Anatomic Sites of Obstruction

Normal tear drainage depends on a functioning lacrimal pump and an intact lacrimal drainage system ( Figure 10.2 ). As you recall from Chapter 2 , the tears enter the upper and lower puncta and travel in a short vertical portion of the puncta for 1 or 2 mm before entering the horizontal portion of the canaliculi. The canaliculi enter the lacrimal sac at an angle, which forms a sort of valve (common internal punctum). The lacrimal sac sits in the lacrimal sac fossa bounded by the anterior lacrimal crest (maxillary bone) and the posterior lacrimal crest (lacrimal bone). The sac narrows inferiorly, forming the NLD (membranous NLD). The duct passes inferiorly through a bony canal (osseous NLD) to open beneath the inferior turbinate into the inferior meatus of the nose. The valve of Hasner at this opening prevents retrograde flow of tears or air up into the duct from the nose. An abnormality anywhere along this path can delay or block the drainage of the tears, usually causing a tearing eye. Anatomic obstruction can occur in the canaliculi or the NLD.

Figure 10.2, The anatomy of the lacrimal system.
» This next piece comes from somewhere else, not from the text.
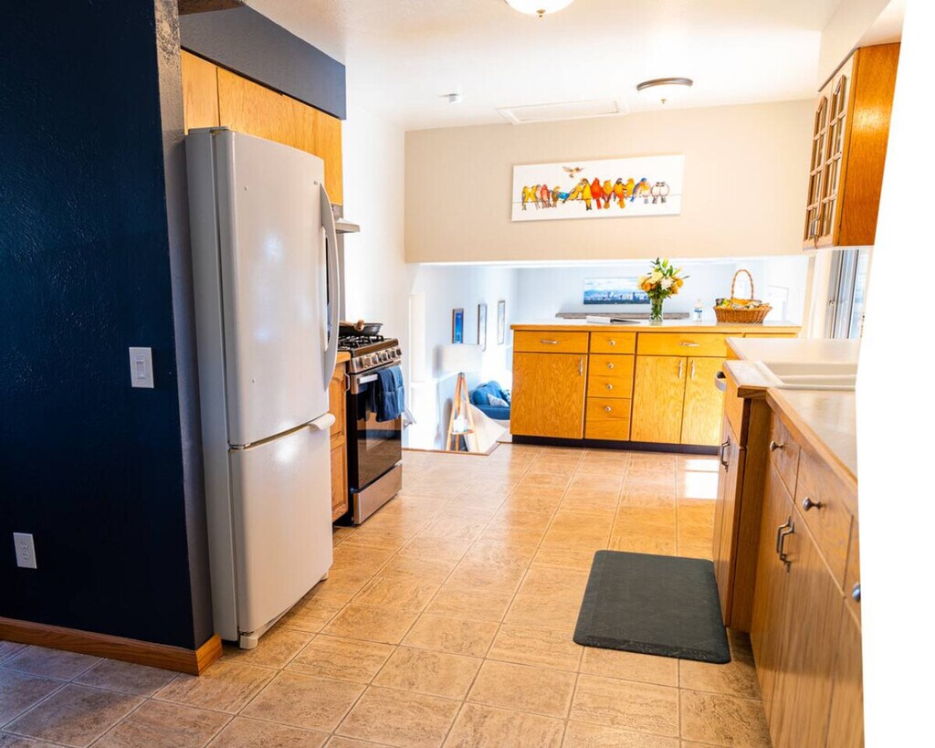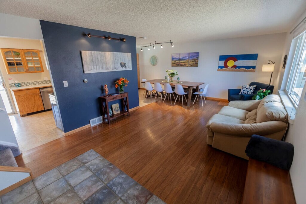 Feel at home in this newly renovated 3-bedroom, 3-bathroom house near Boulder and Denver, offering easy access to the mountains. This spacious and private house is great for families, work, and play. All furniture and décor are new. The fully stocked kitchen includes a brand-new gas range and dishwasher, spacious fridge/freezer, Keurig coffee maker, toaster oven, microwave, knives and cutting board, glasses, flat-wear, and cooking utensils. It is stocked with coffee, tea, sugar, creamer, food, and snacks. The den includes a large TV, brand new sectional sofa, and comfy chair, along with a soundbar that you can use with the TV or play music from your device with Bluetooth or an aux cord. The main bathroom includes a large rain-head shower, tub, and marble floating vanity, and is stocked with plenty of towels, toiletries, and a hair drier. The master bath has a standing shower, and all bathrooms have tile floors. There is a good-sized backyard and covered patio, as well as a ping pong table, darts, laundry, fast Wi-Fi, and 3 TVs with cable/streaming. You have access to a two-car garage and driveway. Located in the cozy, safe, and quiet Sheridan Green Neighborhood of Westminster, this house is steps from a beautiful park and open space with mountain views. The park includes a creek, pond, woodlands, multiple bike and walking trails, large public sports fields, and an 18-hole frisbee golf course, as well as a nearby public recreation center with a pool, gym, racquet ball, and basketball courts. You are within walking or a short driving distance to many restaurants, convenience stores, grocery stores, and bars. This home is 20 minutes from downtown Denver, 20 minutes from downtown Boulder, and 1.5 hours from most ski areas. The 1STBANK Center is only 2 miles away, and the Westin Hotel is less than a 10-minute walk. Quiet time is from 10 pm to 8 am, and guests should be respectful of neighbors. Smoking inside is prohibited, and there is a $500 fee for violations. Unauthorized late check-out will incur a fee of $75 per hour. Guests who cause damage will be charged the cost of repairs. Guests who fail to follow house rules may be asked to leave without refund. Includes a standing desk. [SI]

As alluded to above, one or more of three possible problems (simplified) exists:

  • Too many tears

  • Poor pumping of tears

  • Poor drainage of tears

Our job is to figure out which of the three problems exist.

History

The Watery Eye Versus the Tearing Eye: The Significance of True Epiphora

The Definition of True Epiphora: Tears on the Cheek

As you have seen earlier, I try to divide the patient’s complaint into the watery eye or the tearing eye . The watery eye does not spill tears onto the cheek. The tearing eye has true epiphora, meaning that tears overflow onto the cheek. Make sure that you understand this difference. When your patient tells you the eye waters, ask “Do the tears flow down your cheek or do they stay in your eye?” It is surprising how many patients tell you that they have tearing but that no tears overflow.
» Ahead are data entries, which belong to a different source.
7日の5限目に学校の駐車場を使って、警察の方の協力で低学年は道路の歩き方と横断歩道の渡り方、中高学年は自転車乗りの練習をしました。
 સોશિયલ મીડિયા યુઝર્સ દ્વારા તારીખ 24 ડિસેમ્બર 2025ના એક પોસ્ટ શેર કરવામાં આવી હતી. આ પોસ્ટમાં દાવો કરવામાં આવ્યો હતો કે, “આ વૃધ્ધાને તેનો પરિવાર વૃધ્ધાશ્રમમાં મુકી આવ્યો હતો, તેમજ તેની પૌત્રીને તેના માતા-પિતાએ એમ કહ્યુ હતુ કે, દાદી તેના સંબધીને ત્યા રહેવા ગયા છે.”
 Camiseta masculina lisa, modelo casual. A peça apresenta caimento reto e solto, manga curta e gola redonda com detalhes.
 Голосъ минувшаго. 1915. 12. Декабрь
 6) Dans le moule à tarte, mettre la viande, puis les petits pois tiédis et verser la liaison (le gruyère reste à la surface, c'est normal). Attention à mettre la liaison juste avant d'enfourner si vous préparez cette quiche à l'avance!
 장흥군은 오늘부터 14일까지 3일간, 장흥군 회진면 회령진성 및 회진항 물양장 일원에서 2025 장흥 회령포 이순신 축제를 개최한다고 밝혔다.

What do the answers to these questions mean? The watery eye can be caused by a number of problems. Most of these problems are related to poor tear film, causing ocular irritation (or reflex tearing). There may be a subtle problem with one of the layers of the tears or the distribution of the tears, as we said above. These conditions improve with medical management, such as lid hygiene and use of artificial tears and lubricating ointments. Watery eyes caused by an abnormal lid position or a poorly functioning pump are usually easy to diagnose on physical examination.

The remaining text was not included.